Mathematical Foundations
-
The logistic function is the natural link between rating differences and probabilities. It arises from the assumption that team performances follow logistic (or approximately normal) distributions, making it theoretically grounded as well as practically useful.
-
The Massey matrix has elegant structure. Diagonal entries count games played; off-diagonal entries count matchups between teams. The matrix is singular because only rating differences are determined, requiring a constraint (usually sum-to-zero) for a unique solution.
-
PageRank convergence is guaranteed. The power method converges to the unique stationary distribution of the Markov chain defined by the damped transition matrix. Convergence is typically fast (20-50 iterations) and insensitive to the starting vector.
-
Calibration is the bridge between ratings and betting. A well-calibrated system produces probabilities that match observed frequencies. The Expected Calibration Error (ECE) quantifies this property. Calibration should be monitored continuously and recalibrated when it drifts.
Common Pitfalls
-
Overfitting the K-factor to a single season. The optimal K-factor varies slightly between seasons. Use multi-season validation to select a robust value rather than optimizing for one season's results.
-
Ignoring the startup period. All rating systems produce unreliable predictions for the first several games while ratings are still far from their equilibrium values. Exclude early-season predictions from evaluation metrics.
-
Treating PageRank scores as calibrated probabilities. Raw PageRank scores are relative importance measures, not probabilities.

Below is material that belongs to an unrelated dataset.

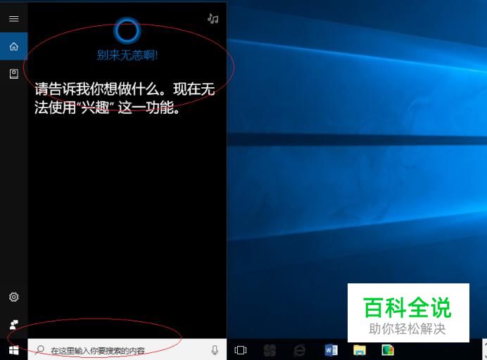 启动Windows 10操作系统,如图所示。点击任务栏搜索框,开始使用Cortana(小娜)智能语音助理。

Converting them to win probabilities via score ratios ($r_A/(r_A + r_B)$) produces estimates that typically need further calibration.
-
Assuming stationarity. Rating systems assume that the underlying team strengths evolve slowly. Mid-season trades, injuries, and coaching changes violate this assumption. Build monitoring systems that detect when predictions suddenly degrade.
Connections to Other Chapters
- Chapter 9 (Regression Analysis): Massey ratings are fundamentally a linear regression problem, connecting rating systems to the statistical foundations covered earlier.
- Chapter 10 (Bayesian Methods): Glicko-2's uncertainty tracking is Bayesian in spirit, updating beliefs about team strength as new evidence arrives.
- Chapter 27 (Advanced Regression and Classification): Rating system outputs serve as powerful features for the machine learning models covered next. XGBoost models that include Elo, Massey, and PageRank ratings as features consistently outperform models without them.